• **WHAT THE TASK REQUIRES**
From the line containing "公牛圆形插座多功能学生可爱usb排插宿舍用卡通插板带线拖线板女" to the line containing "細かな千鳥格子柄がさりげなく" in the entries below, reproduce every line exactly, ends included. Nothing else belongs in the copy, and no pictures.

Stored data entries
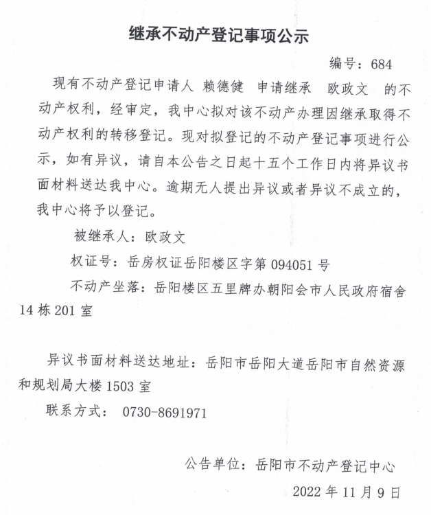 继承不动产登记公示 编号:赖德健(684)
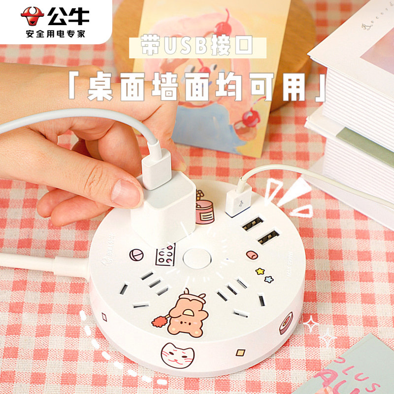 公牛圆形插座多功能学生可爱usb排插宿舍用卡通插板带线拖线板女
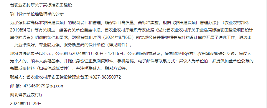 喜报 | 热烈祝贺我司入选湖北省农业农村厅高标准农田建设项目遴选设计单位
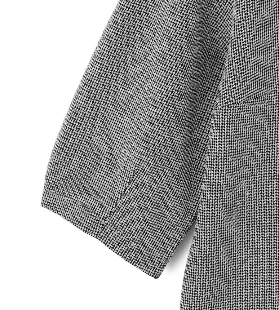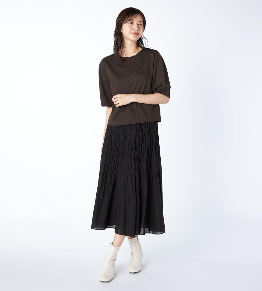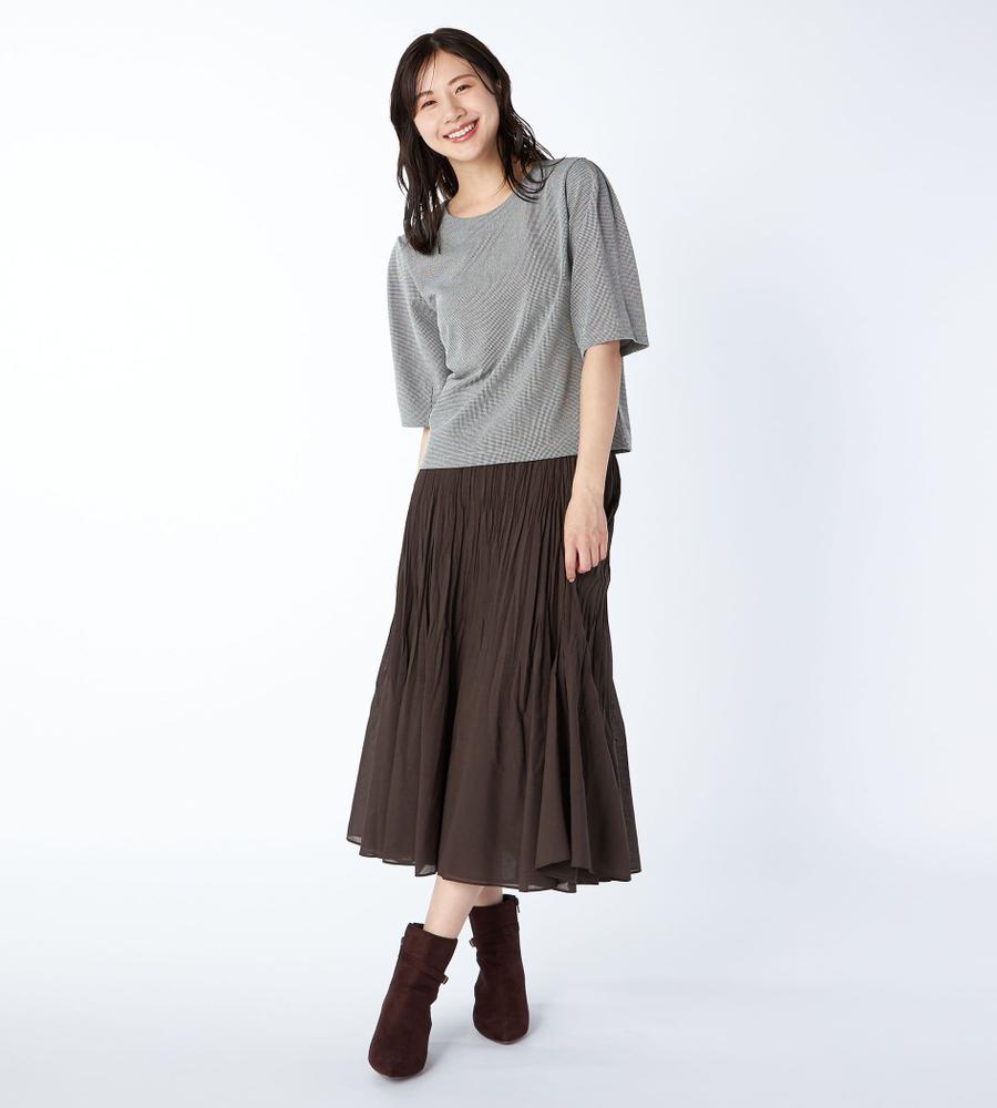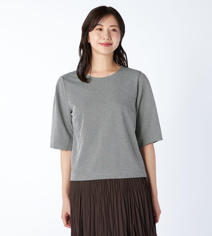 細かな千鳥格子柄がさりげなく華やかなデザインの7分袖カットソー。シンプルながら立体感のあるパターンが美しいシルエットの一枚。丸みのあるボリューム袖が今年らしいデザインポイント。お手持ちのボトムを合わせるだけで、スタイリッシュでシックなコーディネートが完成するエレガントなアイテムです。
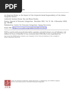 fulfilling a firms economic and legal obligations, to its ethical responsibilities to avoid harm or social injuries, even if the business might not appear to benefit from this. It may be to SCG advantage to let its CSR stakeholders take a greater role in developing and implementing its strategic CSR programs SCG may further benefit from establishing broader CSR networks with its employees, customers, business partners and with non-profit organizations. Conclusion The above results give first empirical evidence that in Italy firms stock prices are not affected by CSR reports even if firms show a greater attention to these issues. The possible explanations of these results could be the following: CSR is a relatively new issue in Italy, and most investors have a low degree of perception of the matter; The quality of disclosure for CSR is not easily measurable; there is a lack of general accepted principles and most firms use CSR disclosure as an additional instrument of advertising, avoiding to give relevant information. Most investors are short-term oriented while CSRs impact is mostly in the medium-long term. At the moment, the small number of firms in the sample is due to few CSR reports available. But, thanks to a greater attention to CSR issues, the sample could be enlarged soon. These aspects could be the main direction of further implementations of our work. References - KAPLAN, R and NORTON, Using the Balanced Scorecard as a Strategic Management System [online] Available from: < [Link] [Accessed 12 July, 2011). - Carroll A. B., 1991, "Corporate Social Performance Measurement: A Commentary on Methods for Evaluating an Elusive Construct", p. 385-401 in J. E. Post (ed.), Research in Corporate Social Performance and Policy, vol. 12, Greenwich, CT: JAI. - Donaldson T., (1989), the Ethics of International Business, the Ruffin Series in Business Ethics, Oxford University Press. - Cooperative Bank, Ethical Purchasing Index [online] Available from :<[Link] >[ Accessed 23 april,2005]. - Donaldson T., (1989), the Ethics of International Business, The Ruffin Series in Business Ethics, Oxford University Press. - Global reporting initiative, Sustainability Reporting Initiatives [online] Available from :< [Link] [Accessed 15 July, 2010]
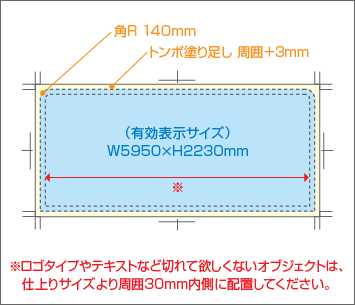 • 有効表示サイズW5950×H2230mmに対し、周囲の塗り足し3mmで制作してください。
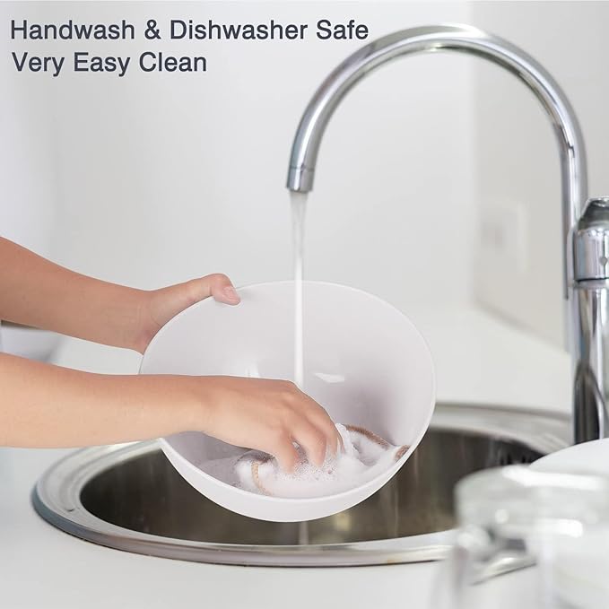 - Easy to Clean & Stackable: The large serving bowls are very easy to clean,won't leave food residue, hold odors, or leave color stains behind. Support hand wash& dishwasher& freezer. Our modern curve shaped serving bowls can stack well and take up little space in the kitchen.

• **ANSWER SECTION**
 公牛圆形插座多功能学生可爱usb排插宿舍用卡通插板带线拖线板女
 喜报 | 热烈祝贺我司入选湖北省农业农村厅高标准农田建设项目遴选设计单位
 細かな千鳥格子柄がさりげなく華やかなデザインの7分袖カットソー。シンプルながら立体感のあるパターンが美しいシルエットの一枚。丸みのあるボリューム袖が今年らしいデザインポイント。お手持ちのボトムを合わせるだけで、スタイリッシュでシックなコーディネートが完成するエレガントなアイテムです。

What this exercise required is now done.